Formulaic, linear approaches to creativity are like template-based music; they might be catchy, and we might be able to predict when the song is “finished” more easily, but they lack the surprise of Billie Eilish’s whispered vocals or Aviciis blend of electronica and country music (which, of course, has been copied after, but obviously to lesser success). When others merely try to replicate these expressions, they may sound similar but inevitably fall flat. In a best case scenario, they end up like fun artifacts, but they are quickly forgotten.

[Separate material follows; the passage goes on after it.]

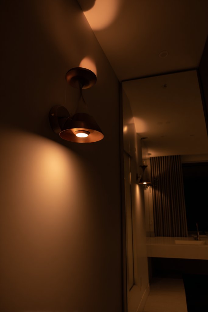 Imagine bedside sconces casting a warm glow, adjustable with a simple twist or switch. Pendant lights hang delicately over a sitting area or the bed, their light softened by fabric shades. LED strip lighting along the ceiling or behind furniture provides subtle, indirect illumination. The room glows with a cozy, layered light that changes with your needs. Shadows dance gently across textured walls, creating a peaceful ambiance perfect for relaxing or sleeping.

This cyclical nature is what gave every successful artist like Marcel Duchamp, and every successful designer like Dieter Rams and Jony Ive their edge. They didn’t just create; they pushed everyone else to rethink what art and function could be. But following their steps isn’t true creativity. In an attempt to do what they have done before, we do the opposite; we paint-by-numbers when we should be using our incredible brain instead of, to be blunt, turn it off. Yes, we can learn from them, and probably should, but simply changing the colors of a “winning” design isn’t innovation—it’s laziness.
In a world overflowing with content, users have become experts at spotting the poor copies. Dozens of great apps and thousands of videos and photos are consumed every day. Everyone is an experienced curator of good design. And they are not easily fooled.
Like my art history professor May Britt once told me: “It’s not that Duchamp or André Breton created art that was inherently interesting because of the singular artworks. It’s that they forced every other artist to reconsider what art is.” I think the same applies for Steve Jobs and Jonathan Ive. They forced the entire electronics industry to reconsider what an MP3-player and a phone really is. Needless to say, if we used a linear process with the end goal to create another “Fountain”, or another iPod for that matter, we’d most likely end up with not only a lesser copy, but an outdated idea.
Here in Norway, a country built largely by engineers, the predictability mindset is pervasive. I’m grateful that predictable engineering processes built our bridges, boats and oil platforms, but I’m also extremely grateful that someone came up with the novel idea of taxing oil companies 80 % to access our natural resources, and, on top of that, Farouk Al-Kasim and Hermod Sk?nland initiated and built the Norwegian petroleum fund investing that tax cash in foreign companies. The latter was a major contributing factor to Norway become one of the richest countries in the world. The two ideas, strict engineering and room to think novel thoughts, led to the success of the Norwegian energy adventure.
The best ideas don’t arise in isolation. They emerge from intersections of diverse minds and unplanned moments of collaboration. Norway’s engineering prowess has built a remarkable society, but imagine what could happen if we embraced a bit more of the uncontrollable, the cycles of unpredictability that drive true innovation. Not only in art and a few advertising agencies, but in design, journalism, business development, user interfaces or whatever else unavoidably relies on people experiencing the product being made. Some people do it, but few companies have a culture supporting it. We need the people paying the bills to understand this, not just the keynote speakers at conferences.
Ultimately, real value lies in those unplanned cycles, where creativity responds to the world around it and continually evolves. That’s where the magic happens. Everywhere. Not in steps 6-8 in a Trello-board. Not by following a company handbook of “creativity.” And it’s when the "magic" of creativity happens, and is allowed to happen everywhere, at any part of any process, uncontrollably, that we not only innovate but also grab, and deserve, peoples attention.